He pauses for a minute.
"Oh, I see where you're headed. The titles in Europe on the theme: 'Africa is dying of AIDS because it is poor. Give some money!' Don't talk to me about them! Still those idiotic journalists! Those guys who turn on the television, read the dispatches on the civil wars or visit refugee camps, that's their perception of Africa.... That's why what you are doing is good. But to come back to a reality that contradicts the simpletons, there is a cruel paradox: in Africa, AIDS progresses at the same time as the level of education and financial means. It's the 'sugar daddy' phenomenon: with a little money, the office worker, the professor, the civil servant or even the anti-AIDS activist - and this is what particularly pisses me off - can afford, with a few kwachas, the charms of the girl of his choice. They have nothing to say about it. It is not really prostitution, it is a current practice that takes advantage of poverty. Therefore it is cultural and a bit economic, it's above all about ass..."...
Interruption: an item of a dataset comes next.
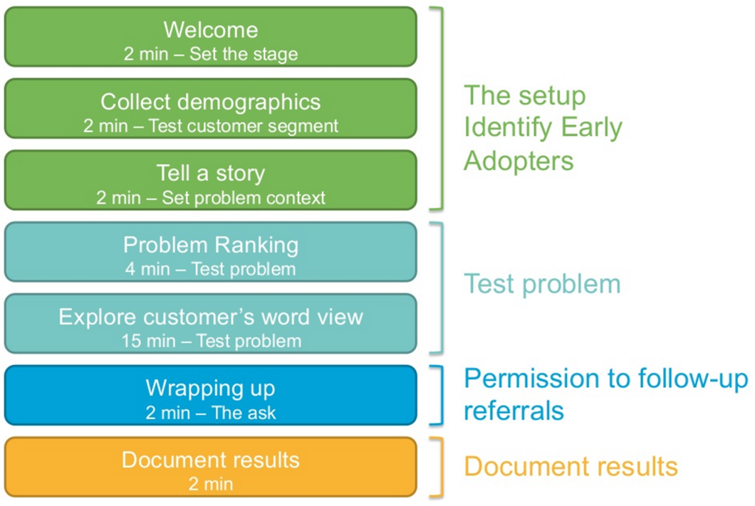 Hint: usually these are the ones around target segment, problems and market size. - (Problem Interview) Conduct a round of qualitative interviews with target customers, to understand if they have the problem, how big it is, and what they currently do to solve it.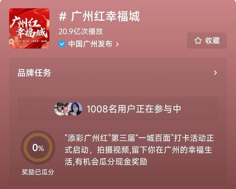 据悉,此次“一城百面”挑战赛将在抖音、今日头条、图虫三个客户端同时举办。其中,“一城百面”抖音全民任务挑战赛活动时间为7月3日至7月12日。活动期间,大家可进入抖音话题“#广州红幸福城”,点击话题页下方 “立即参与”按钮,便可拍摄上传在广州幸福生活美好瞬间的视频作品。优秀视频作品将获取官方流量支持,还有机会瓜分现金奖励。

His zeal cranked up, Philippe continues: "In the short run, it's a big wave of orphans that's going to inundate all the social systems and paralyze the country. These kids will not be raised, they will protect each other in bands and will be exponential vectors of AIDS and anarchy. But the worst is that Malawi is the country that has the most infected parliamentary representatives in the world. So as far as an example goes, try again later! Even President Muluzi trumpets on large publicity panels intended more for western observers than for local populations: 'Malawians, change your behavior.' Apparently he is not Malawian or else he doesn't think it concerns him. He should have said: 'Let us change our behavior.'"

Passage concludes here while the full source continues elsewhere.